Elisa Moriconi ha detto...

Non so, non credo lo metteranno a pagamento, è un po' un'istituzione della fiera di Bologna e sta lì da quando ci sono andata la prima volta nel 2002 ^^

Elisa Moriconi ha detto...

Io per tempo e denaro intendo il tempo sacrificato ad altri impegni per andare dal lunedì o addirittura dalla domenica. E quindi pagare notti di albergo in più, pasti in più, mezzi pubblici in più.

Non metto in discussione la passione ma obiettivamente ci sono scelte che si fanno in merito all'utilizzo del tempo e del denaro. Bisogna avere rispetto per tutte queste scelte e per tutti coloro che sono in fiera ^_^

Elisa Moriconi ha detto...

BTW non mi riferisco ovviamente a te, che hai giustamente detto di aver trovato un posto per le tue cose senza coprire le cose altrui (e sei quindi la dimostrazione che il posto si può trovare con un po' di impegno).

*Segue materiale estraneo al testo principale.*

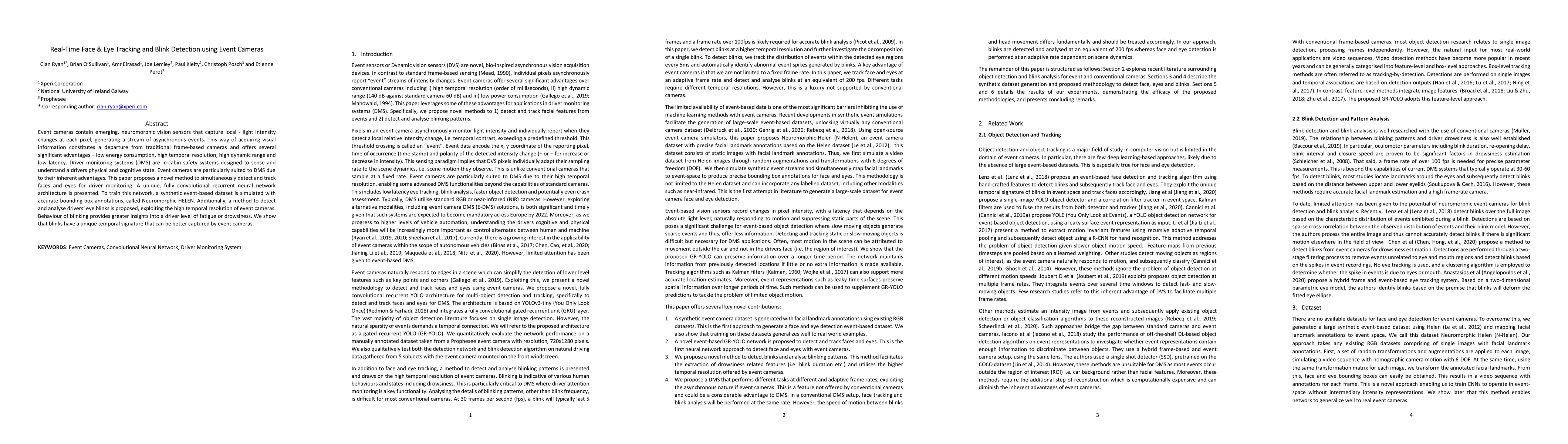 This paper proposes a novel method for real-time face and eye tracking, as well as blink detection using event cameras, leveraging their low energy consumption and high temporal resolution. A synthetic dataset, Neuromorphic HELEN, is used to train a fully convolutional recurrent neural network, demonstrating improved fatigue or drowsiness detection through unique blink temporal signatures.

Maria Elena Gonano ha detto...

Lo spero bene che non lo mettano davvero a pagamento... era ovviamente un'esagerazione! ;)
Ed è ovvio che la cafonaggine di strappare e buttare in terra le cose altrui non sia ammissibile. Ma il rispetto deve esserci verso tutti e da parte di tutti. Anche per chi ha meno possibilità. Tutto qui.
Anche io la prima volta nel 2002 e, sì, era già lì... un po' più piccolo, forse, o ricordo male?
Passo e chiudo... ciao!

Elisa Moriconi ha detto...

Siiii era solo un muretto una volta!!!!
Che ricordi!!! :DDDD
Poi avevano crato una specie di stanzetta.... e mano mano negli anni è cresciuto!!!!
Mi vengono le lacrime di commozione se ci ripenso ç___ç

Chissà quante volte ci siamo incrociate senza saperlo!!! ^_________^ <3

Maria Elena Gonano ha detto...

Ah, allora mi ricordavo bene... Certi muri crollano, altri proliferano XD Ben venga se sono così colorati!